Can some one please explain the below Code

public class TestThread implements Runnable {

    public static void main(String[] args) {
        Thread thread = new Thread(new TestThread());
        thread.start();
        System.out.println("1");
        thread.run();
        System.out.println("2");

    }

    @Override
    public void run() {
        System.out.println("3");
    }
}

The output results in 1 3 3 2.Can some one please explain.

Thanks in Advance

1 Answers

1
oscarandjo On Best Solutions

When you call the thread.start() method, then the code inside the run() method will be executed on a new thread (since class TestThread implements Runnable).

When you call thread.run(), this is calling the run() method from within the Main thread, not the one you started previously. This is essentially not using any threaded functionality.

Once this run() function has finished from the Main thread, it exits this function and reaches the println("2") line.

It might seem intuitive that since you called thread.start() before println("1") that it should print "3 1 3 2", however, due to the complexities of multithreading there is no guarantee of any ordering in the way this has been implemented.

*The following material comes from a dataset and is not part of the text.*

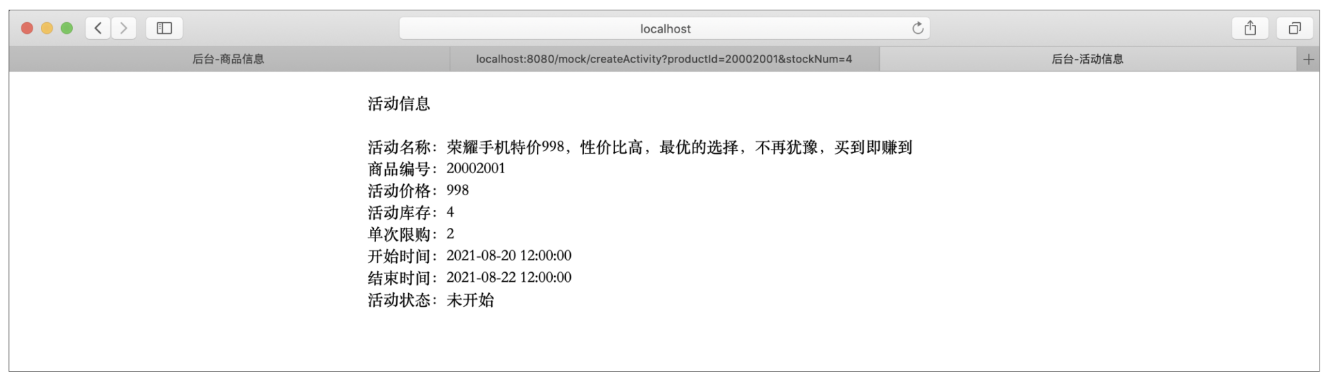 创建完成后,我们调用活动信息查询接口,来查看刚刚创建的活动,页面只是简单地列举了一下活动的主要元素,如下图所示:

It could print "1 3 3 2" or "3 1 3 2" depending on many factors.

An experiment you could try is to get the print statements to include the names of the threads they're called from.

public class TestThread implements Runnable {

    public static void main(String[] args) {
        Thread thread = new Thread(new TestThread(), "newThread");
        thread.start();
        System.out.println(Thread.currentThread().getName() + ": 1");
        thread.run();
        System.out.println(Thread.currentThread().getName() + ": 2");
    }

    @Override
    public void run() {
        System.out.println(Thread.currentThread().getName() + ": 3");
    }
}

For me, this outputs:

main: 1
main: 3
newThread: 3
main: 2